May 21, 202631mWatch on YouTube ↗

CHAPTERS

0:16 – 1:48
Why “pick the right model” is harder than it sounds (and why you need a repeatable process)
Lucas frames the real-world confusion that follows any new model launch: benchmarks, model cards, prompting guides, and social-media hot takes don’t directly answer what matters for your product.
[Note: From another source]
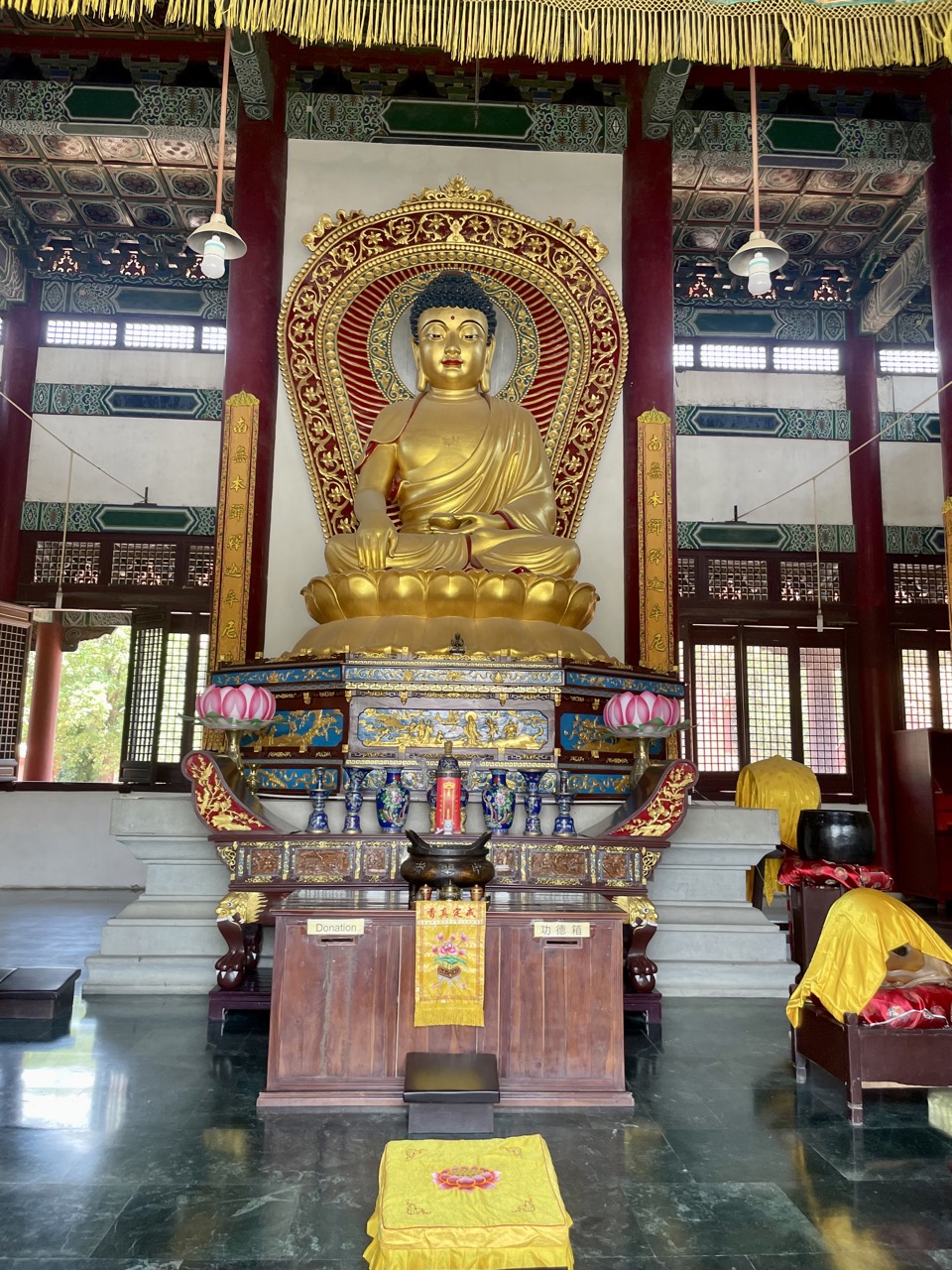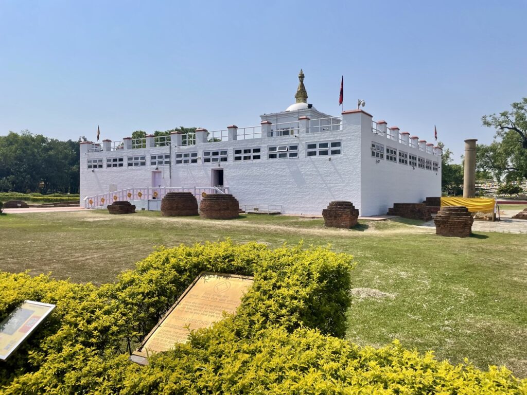 Der erste Stopp war tatsächlich der Geburtsort von Buddha – bzw. der Stein, der markiert, wo er geboren wurde. Von außen sieht das Ganze so aus:

The goal is a repeatable, data-driven yes/no process for deciding whether to adopt a new model or which model to start with.
- •Model launches generate noise that doesn’t map cleanly to your business needs
- •Key question: will swapping models improve your specific use case?
- •Need a repeatable decision process rather than relying on vibes
- •Target outcome: a clear, defensible model-selection decision
- •The solution direction: build an evaluation (eval) tailored to your workload
1:48 – 3:19
The practical model-choice framework: quality, latency, and cost (plus thinking/effort complexity)
The talk starts from the simple heuristic (Opus for intelligence, Haiku for speed/cost, Sonnet for balance) and then complicates it with “thinking” and “effort” settings. Lucas introduces the core three-pillar framework—quality, latency, cost—as the basis for making the decision systematic.
- •Naive heuristic: Opus (quality), Haiku (low latency/cost), Sonnet (balance)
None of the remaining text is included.